■ **Required action**
If pictures appear among the lines below, leave them out while you return exactly the lines from the one with "Dr. Bronner's team Germany" through the one with "Het was een fijn en inspirerend samenzijn.".

■ **Records for processing**
____________________

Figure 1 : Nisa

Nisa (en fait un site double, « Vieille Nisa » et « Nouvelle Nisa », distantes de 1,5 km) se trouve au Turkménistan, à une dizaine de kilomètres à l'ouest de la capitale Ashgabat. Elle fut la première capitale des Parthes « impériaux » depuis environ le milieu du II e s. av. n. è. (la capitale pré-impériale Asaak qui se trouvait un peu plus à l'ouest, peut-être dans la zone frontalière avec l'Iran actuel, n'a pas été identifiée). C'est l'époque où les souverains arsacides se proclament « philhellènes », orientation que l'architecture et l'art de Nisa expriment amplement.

____________________

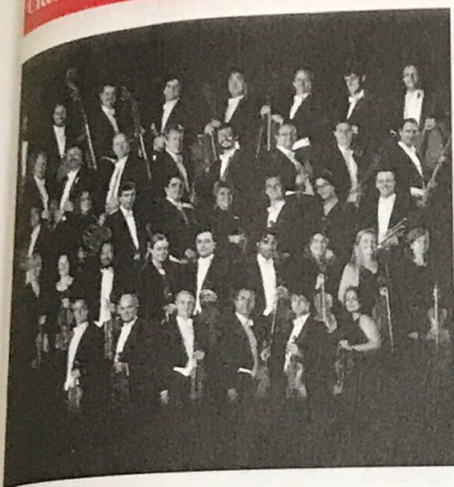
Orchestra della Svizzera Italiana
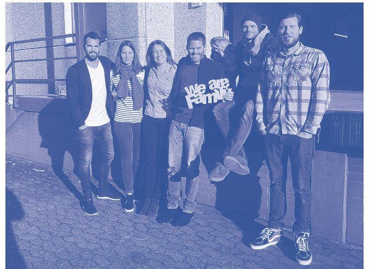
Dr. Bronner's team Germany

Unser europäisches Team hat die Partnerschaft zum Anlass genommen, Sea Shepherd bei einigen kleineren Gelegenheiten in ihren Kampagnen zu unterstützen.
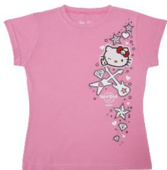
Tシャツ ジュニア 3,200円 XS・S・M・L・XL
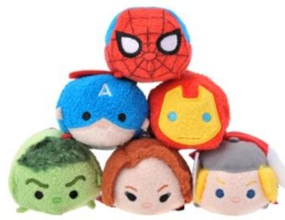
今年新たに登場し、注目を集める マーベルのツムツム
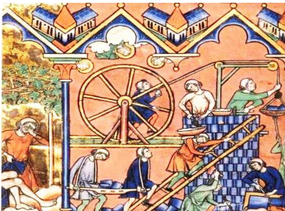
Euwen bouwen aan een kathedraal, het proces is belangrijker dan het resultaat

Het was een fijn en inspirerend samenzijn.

____________________

■ **Solution for this exercise**
Dr. Bronner's team Germany

Unser europäisches Team hat die Partnerschaft zum Anlass genommen, Sea Shepherd bei einigen kleineren Gelegenheiten in ihren Kampagnen zu unterstützen.
Tシャツ ジュニア 3,200円 XS・S・M・L・XL
今年新たに登場し、注目を集める マーベルのツムツム
Euwen bouwen aan een kathedraal, het proces is belangrijker dan het resultaat

Het was een fijn en inspirerend samenzijn.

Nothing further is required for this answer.